Richards Bay Sports Stadium
- Interactive map of Richards Bay Sports Stadium
- Location: Via Verbena, Richards Bay, KwaZulu-Natal, South Africa
- Coordinates: 28°44′36″S 32°03′21″E﻿ / ﻿28.743392°S 32.055874°E
- Capacity: 10,500
- Surface: Grass

= Richards Bay Stadium =

Multi-use stadium in Richards Bay, South Africa

Richards Bay Stadium is a multi-use stadium in Richards Bay, KwaZulu-Natal, South Africa. It is part of the uMhlathuze Sports Complex and used mostly for soccer matches, and is currently the home venue for Premiership club Richards Bay F.C.
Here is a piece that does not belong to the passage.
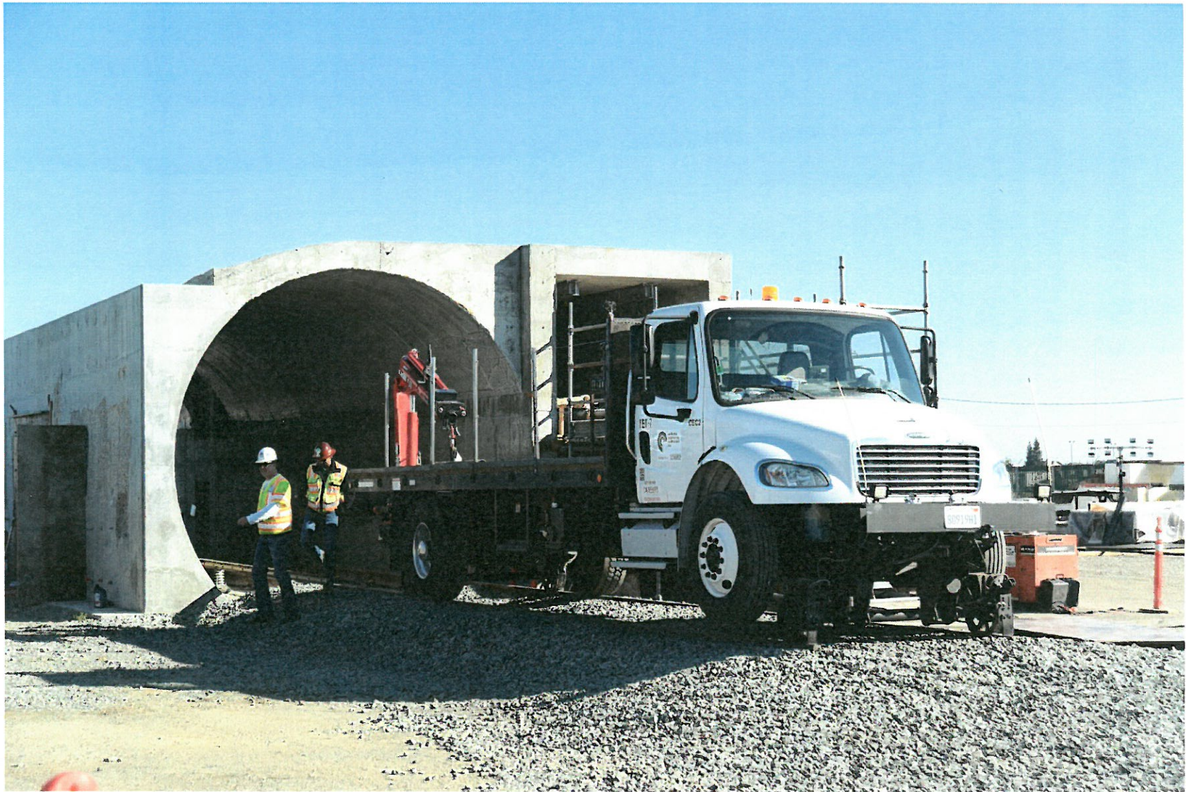
20' Flatbed Truck - Average 2 Trucks per day

In September 2021, a Premier Soccer League (PSL) disciplinary committee banned Richards Bay F.C. from using the ground for a period of two years. Stadium issues had been ongoing, with water dripping through into the players' changing rooms, broken ceiling panels, broken toilets, unserviced fire extinguishers and power cables running through water on the floor in the main stand. The ban could be lifted earlier if requirements were met.

In August 2026, shortly before the start of the 2026–27 Premiership, the PSL imposed a four-week ban on the stadium, after inspectors found the pitch to be unsuitable.